Костю разбудил скрип входной двери. Он непонимающе осмотрелся – так и есть, уснул в музее. С его колен упал дневник Назаровой. В подсобку музея заглянула Настя – секретарь директора.
- Ты чего здесь развалился! У нас через 20 минут собрание в зале. Хватит прохлаждаться!
За 20 минут парень успел умыться, проснуться, укорить себя за то, что настолько заработался и пообещать своему бедному организму нормальный сон сразу после собрания.

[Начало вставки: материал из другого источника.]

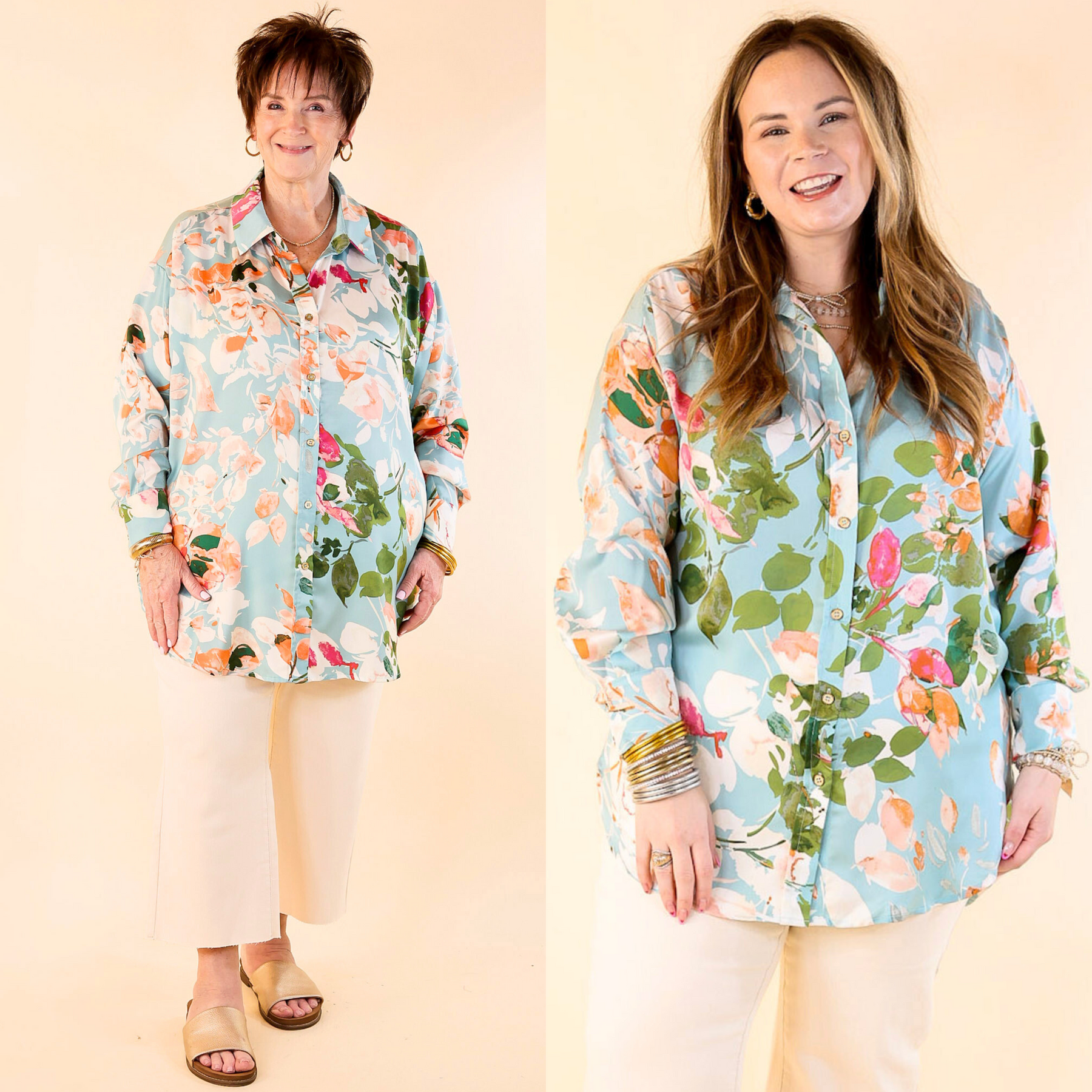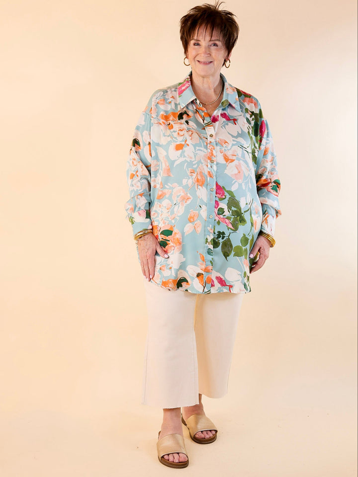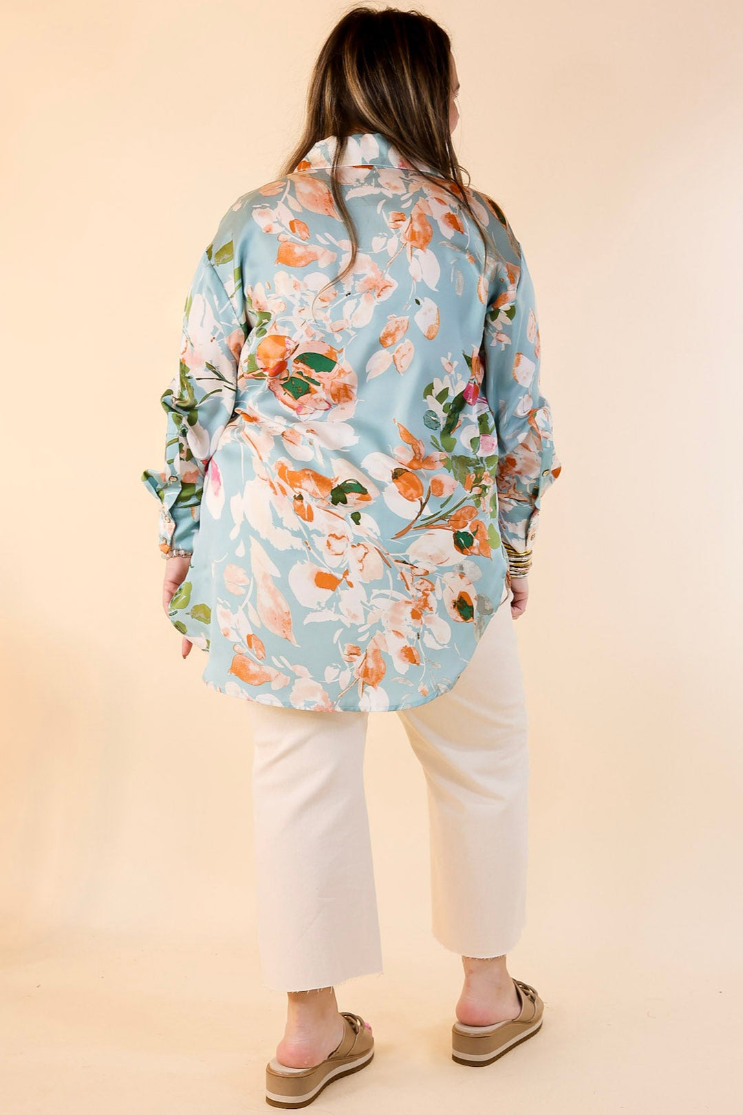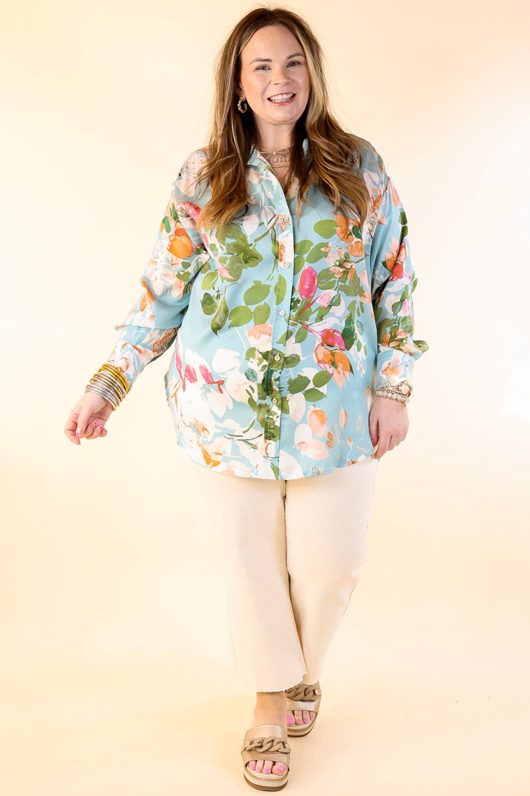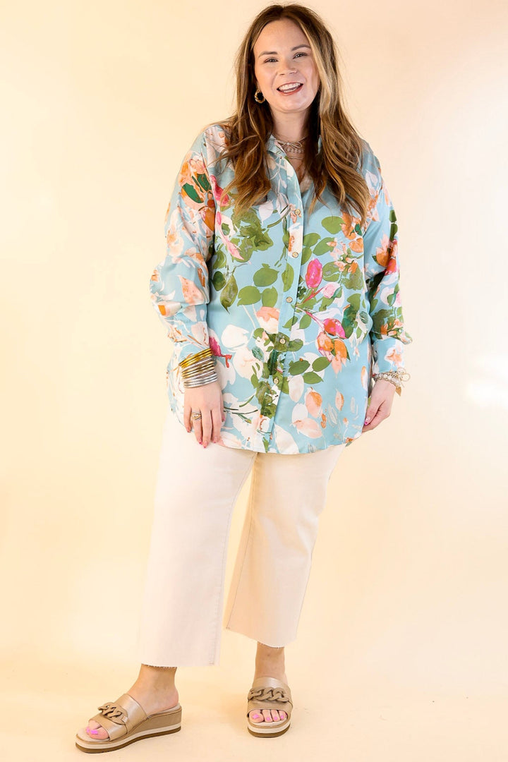 Tell Me Something Good Floral Long Sleeve Button Up Top in Light Blue

Директор вел длинные разговоры о мелких неурядицах театра, а потом стал рассказывать о новостях:
- Мы решили, что до конца сезона надо выпустить еще одну премьеру. Константин, - директор кивнул на сидевшего в первых рядах историка, - напомнил нам о прекрасном балете, который много лет назад театру так и не удалось выпустить, и поэтому мы с Николаем Дмитриевичем решили дать еще один шанс «Мосту Ватерлоо». Балетной труппе предстоит хорошенько потрудиться, чтобы успеть презентовать зрителям этот спектакль… - И понесся дальше.

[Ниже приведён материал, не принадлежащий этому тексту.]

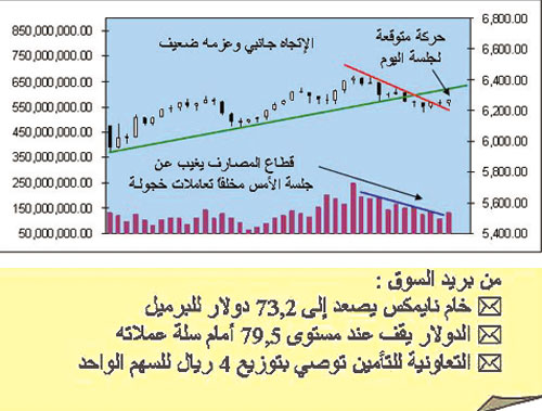 حل شهر فبراير على سوق الأسهم التي استقبلته بصمت حيث كانت حركته بطيئة في الجلسة وداخل نطاق تذبذب ضيق جداً حتى الإغلاق لم ينقص عن جلسة الأحد إلا بتسع نقاط ولا تزال قوى البيع والشراء متوازنة طالما بقي السوق فوق مستوى 6.223 نقطة وهي أهم دعومه القريبة، أما أحجام التداول كانت تحمل نفس الصفة حيث كانت ضئيلة جدا (105 مليون سهم) بسبب تغيب قطاع المصارف عن هذه الجلسة الذي لم يحقق سوى 26 مليون سهم وهي ضعيفة أيضاً، وبذلك يصبح الاتجاه وفق الرسم البياني جانبي وذو عزم ضعيف لا يرجح أن يدوم طويلا على المدى القصير (بضعة أيام)، أما بشأن سابك أغلق عند 85.75 ريالاً وتمثل أقرب الدعوم له (84 ريالا) ولا يعاني قطاع البتروكيماويات من أية مشاكل فنية لكن جميل جدا أن نرى قطاع المصارف يتداول ويتحرك فوق حاجز 16000 نقطة والأجمل تماسك قطاع الاتصالات عند أرقامه الحالية بسبب دعم المشترين لبعض شركاته، لكن لم نر تفاعلا من سهم سابك إزاء عودة خامات النفط مجدداً للصعود حيث بلغ خام نايمكس في الأمس مستوى 73.2 دولاراً للبرميل مدعوماً بنمو للناتج المحلي الأمريكي في الربع الرابع أما الدولار لا زال يلتهم العملات الرئيسة الأخرى حيث وصل إلى مستوى 79.5 أمام سلة عملاته والاتجاه الصاعد حليفه، ومن بريد السوق من الشركات المدرجة أوصت التعاونية للتأمين بتوزيع سخي أربعة ريالات لكل سهم بقيمة 200 مليون ريال وهي سبب ارتفاع السهم مؤخراً وتخطي مؤشر القطاع 1.065 نقطة.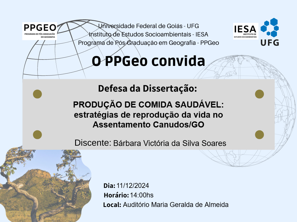 O Programa de Pós-Graduação em Geografia convida a todas e todos para a banca de Defesa de Dissertação de Mestrado de Bárbara Victória da Silva Soares, intitulada "“PRODUÇÃO DE COMIDA SAUDÁVEL: estratégias de reprodução da vida no Assentamento Canudos/GO".
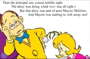 When Miss Sneetcher informs what has happened to Mayzie, Mr Grumm studies the daisy on Mayzie head but when he notices the daisy going dead its costing Mayzie her life as well as he also notices her feeling dehydrated. he Quickly orders Miss Sneetcher to get her some water. She obeys and grabs a vase of flowers that has water in it and splashes it onto Mayzie's head as she and the daisy are feeling well and hydrated again.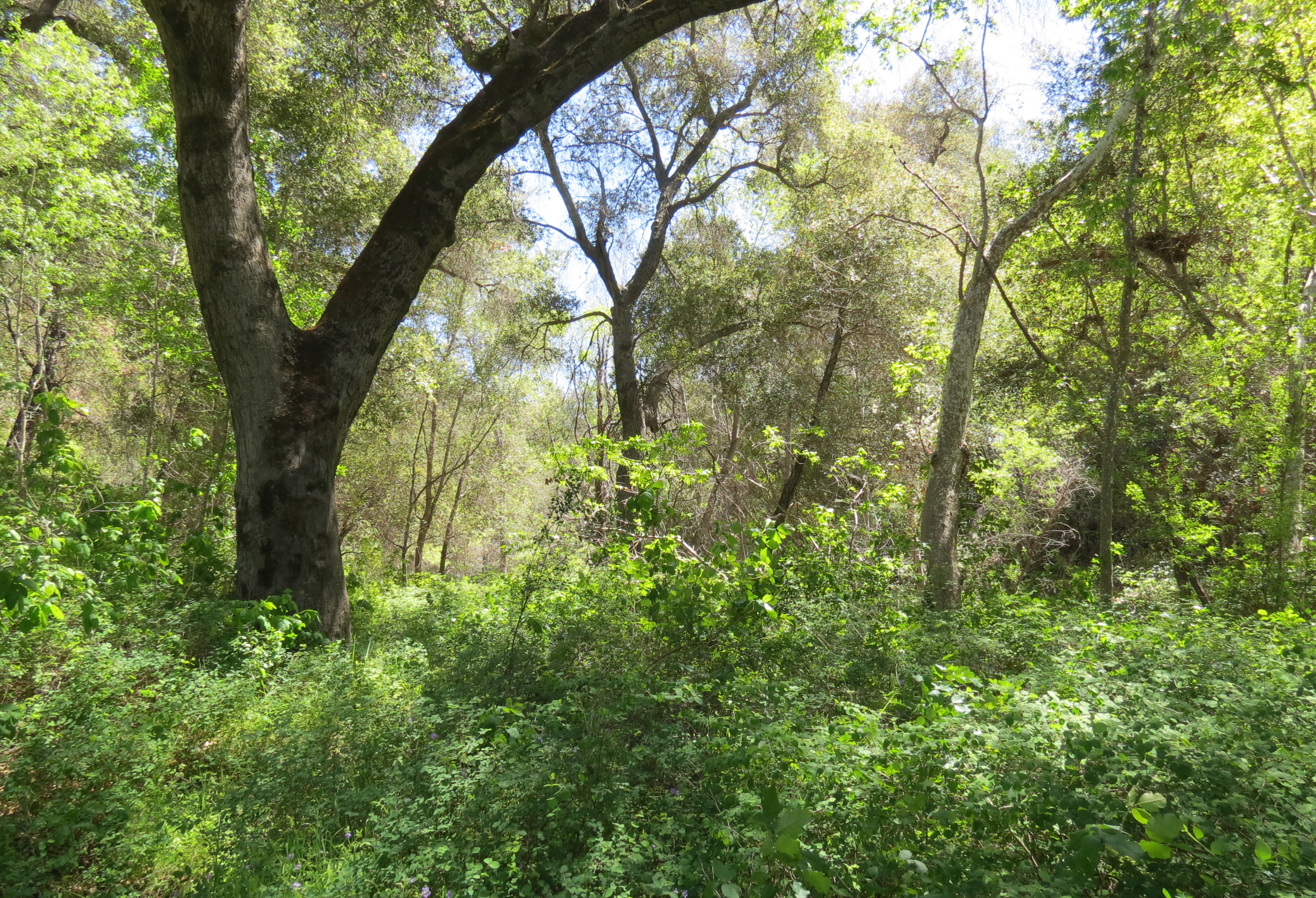 The trail starts off mostly shaded, and where it crosses several dry side creeks one can find bay laurel and maple trees. Along the trail are also two small stands of madrone trees, remnants from a time when Southern California was a much wetter region, more akin to how Northern California is now. With its red bark, madrone can be mistaken for manzanita, which grows as more of a low shrub or tree.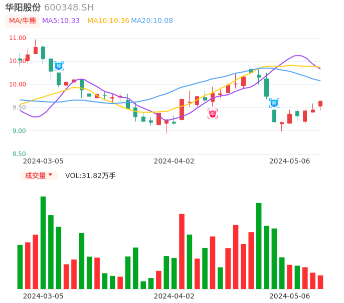 05月06日,华阳股份收报9.64,股价涨幅2.01%,成交金额3.04亿元,换手率0.88%。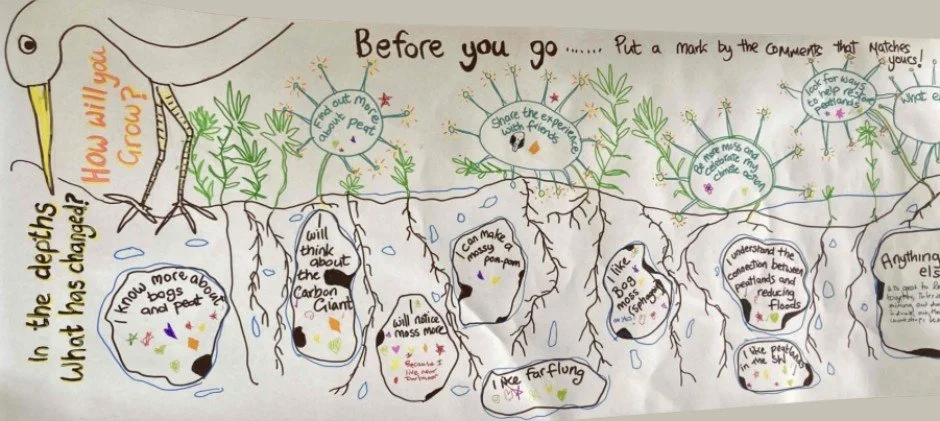 Back at the STERTS centre we found mossy carpet, a healthy and an unwell bog in containers to explore and bog moss activities still on, alongside a silent disco of RE-PEAT’s Moss Pit - an audio bog poetry. Another showing of The Mossy Story and more tea and cake.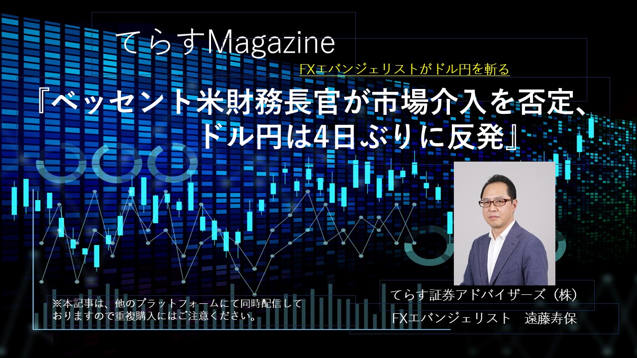 ベッセント米財務長官が市場介入を否定、ドル円は4日ぶりに反発。

Костя обрадовался. Еще бы – теперь у него есть возможность воочию увидеть предмет своих исследований!
После собрания молодой человек не торопился уйти. Он хотел поговорить с Назаровой. Костя не знал, что и зачем он должен ей сказать, но четко понимал, что просто молчать после того, как он прочел ее дневник,  после того, как вдруг было принято это решение о возрождении «Моста»… Костя увидел Назарову, плетущуюся к выходу из зала в самом хвосте шумной балетной компании. По выражению ее лица Костя понял, что сейчас не лучшее время для разговора. Он просто побоялся вмешаться в жизнь этой несчастной женщины сразу после того, как ей напомнили о самом большом горе.

Потом, несколько дней подряд, Костя пытался вернуть дневник Назаровой. Но… ни разу не застал ее в театре. Балетные рассказывали, что она ушла на больничный, но говорили они это как-то неуверенно. В итоге, Костя переключился на другие, более важные, дела, и не вспоминал о дневнике, даже когда натыкался на него в своей же сумке.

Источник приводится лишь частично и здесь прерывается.